Got it. And then, just one final question for iPSC. Obviously you put a slide on the ground regarding NKs and you guys want to be the leaders with NK technology. Is it -- just given how fast the cellular immunotherapy space has advanced, especially when it comes to T cells, does it make sense or are you guys considering potentially using iPSCs, the manufacturing of allogeneic T cells and just coming into that foray?

Absolutely, that is the intent of our entire collaboration with Michel Sadelain at Memorial Sloan Kettering is to use iPSCs to create off-the-shelf T cell strategies. Michel recently published a paper that involves essentially knocking out the TCR and inserting a CAR to provide more universality with respect to that T cell, given that the TCR is being knocked and the CAR being inserted, he showed better safety and efficacy with that approach at least in preclinical model. And so you should assume -- I think it’s fair to assume that that is a path and strategy that we’re aggressively running at with Michel.

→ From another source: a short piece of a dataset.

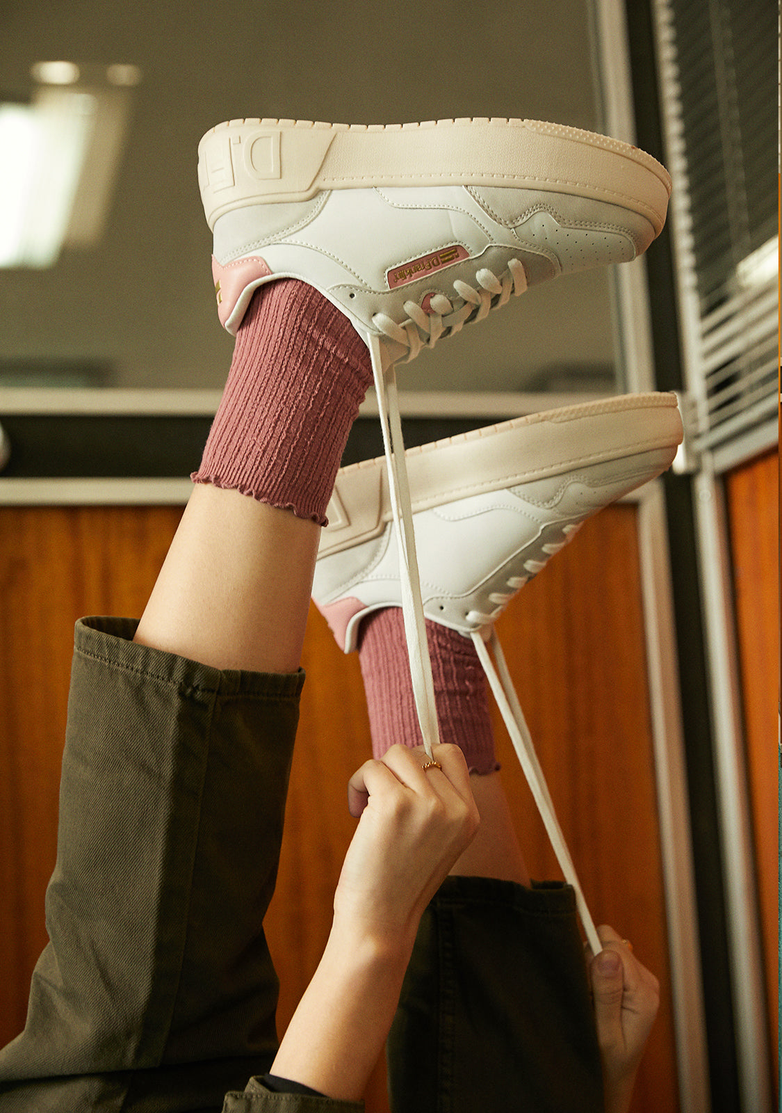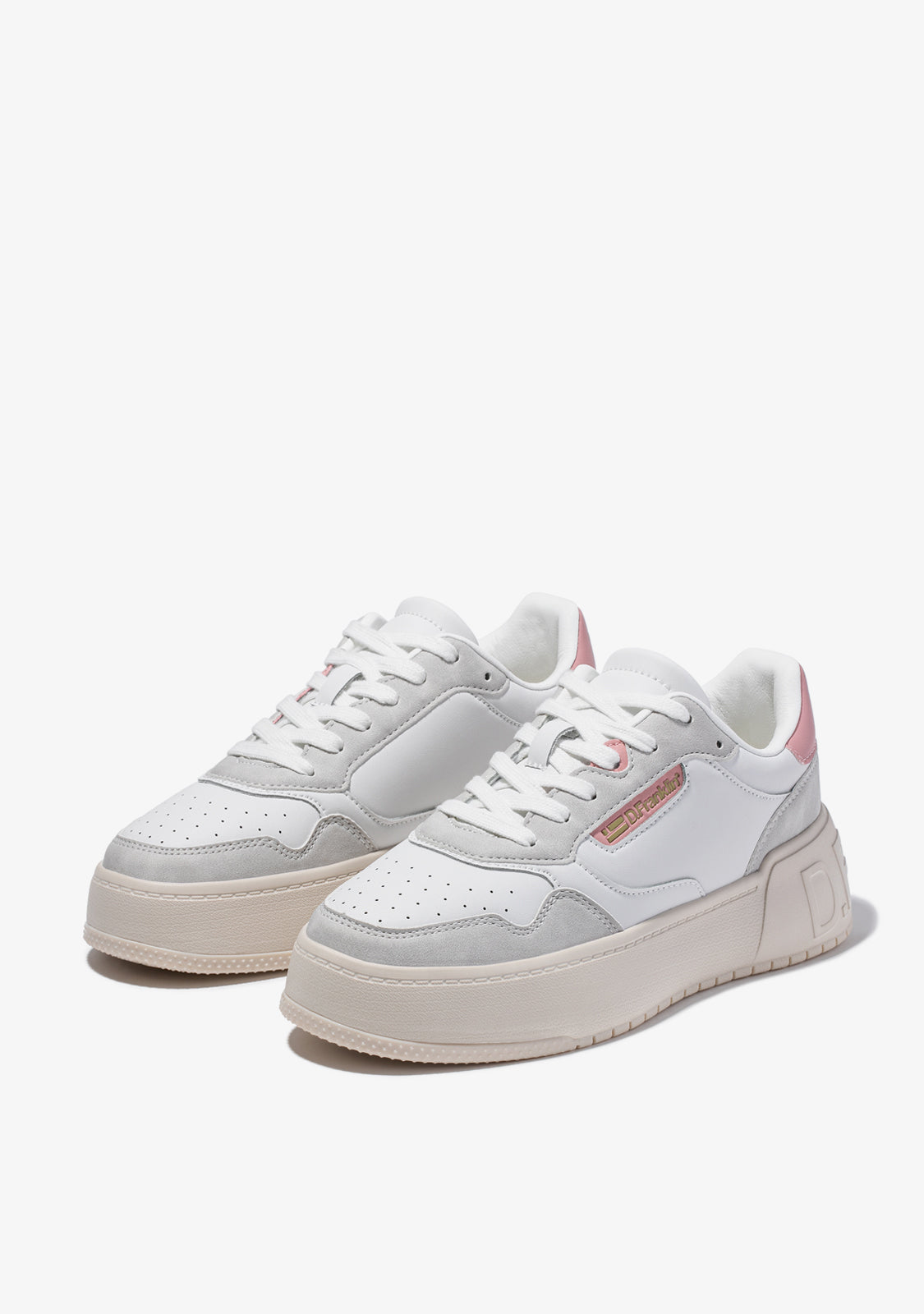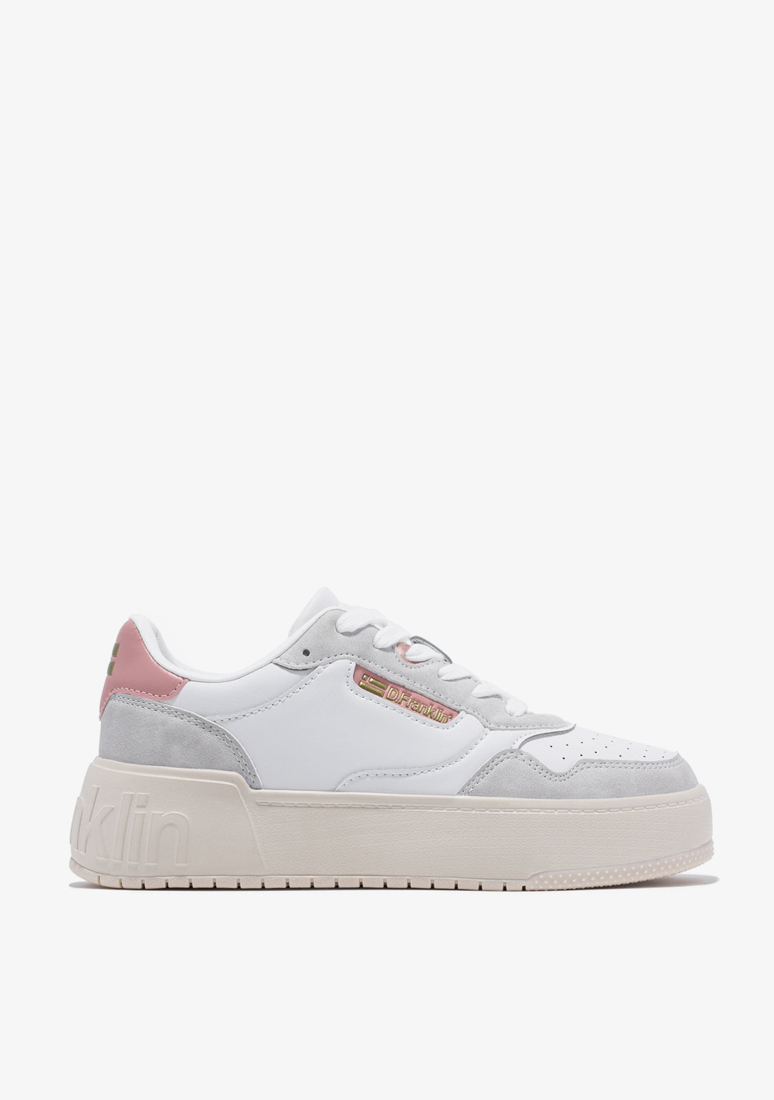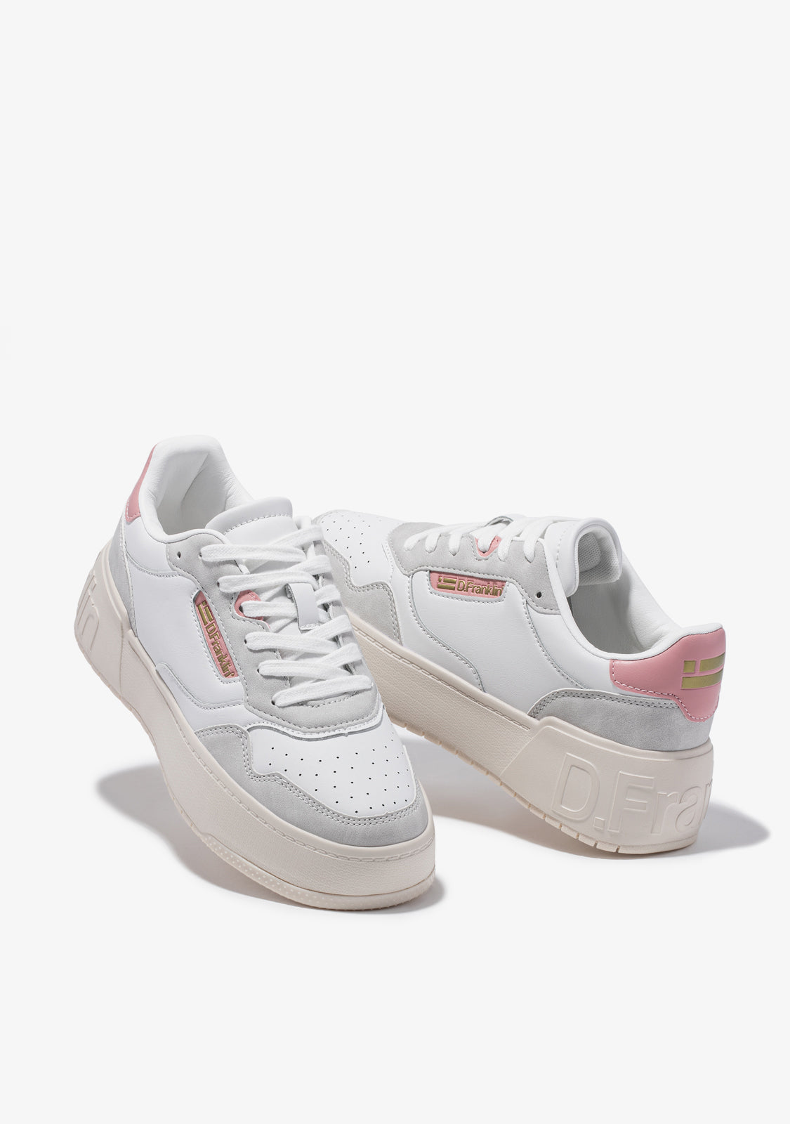 A refined approach inspired by the '90s basketball scene. Minimalist trainer with heel and D.Franklin emblem on the side in pink. Contrasting grey parts on white vegan synthetic leather. Constructed with rubber sole. Embossed D.Franklin logo on heel. Cotton laces. 4 cm sole.

Thank you. At this time, I would like to turn the call back over to Mr. Wolchko for any closing remarks. Sir?

Thank you. Thank you very much for everyone’s attention today and participation in the call. We look forward to speaking with you in a very near term as we move our programs forward. Thank you.

Ladies and gentlemen, this concludes today’s conference. Thank you for your participation. You may disconnect your lines at this time.